Older versions of the reports in this series relied exclusively on engineering-based estimates for future investment requirements, which considered only the costs of transportation agencies. This philosophy failed to provide another critical dimension of transportation programs; that is, to provide service to users while minimizing overall costs. Executive Order 12893, Principles for Federal Infrastructure Investments, directs each executive department and agency with infrastructure responsibilities to base investments on "...systematic analysis of expected benefits and costs, including both quantitative and qualitative measures...". To address the deficiencies in earlier versions of this report and to meet the challenge of this executive order, new approaches to this analysis have been developed. The analytical tools now used in this report have added an economic overlay to the projection of future investment requirements. These newer tools use benefit/cost analysis to minimize the combination of capital investment and user costs to achieve different levels of highway performance.

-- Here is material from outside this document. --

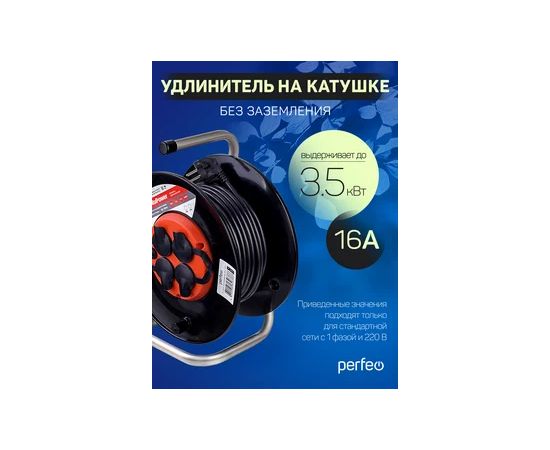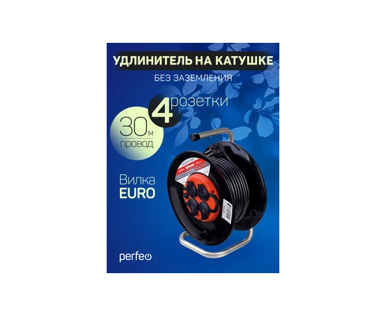 Удлинитель на катушке с заземлением Perfeo "RU POWER" 30м 4гн с т/з 16А ПВС 3х1,5 IP44 (РБК16).

Highway Economic Requirements System
The highway investment requirements in this report are developed in part from the Highway Economic Requirements System (HERS) which uses marginal benefit/cost analysis to optimize highway investment. The HERS addresses highway deficiencies by quantifying the agency and user costs of various types and combinations of improvements, including vehicle operating, travel time, and safety costs.

Transit Economic Requirements Model
The transit investment analysis is based on the Transit Economic Requirements Model (TERM). The TERM consolidates older engineering-based evaluation tools and introduces a benefit/cost analysis to ensure that investment benefits exceed investment costs. Specifically, TERM identifies the investments needed to replace and rehabilitate existing assets, improve operating performance, and expand transit systems to address the growth in travel demand, and then evaluates these needs on the basis of costs and benefits in order to select future investments.

National Bridge Investment Analysis System
This report introduces the National Bridge Investment Analysis System (BIAS) which adds an economic component to the bridge analysis. However, the bridge investment requirements still rely primarily on an older engineering-based model, the Bridge Needs and Investment Process.

The Bridge Needs and Investment Process (BNIP) is used to analyze bridge data from the National Bridge Inventory. This process identifies deficiencies based on engineering criteria, determines what action is required to correct the deficiencies, and estimates the costs of these actions. Cost effectiveness criteria are used to prioritize actions when funding is not sufficient to correct all deficiencies.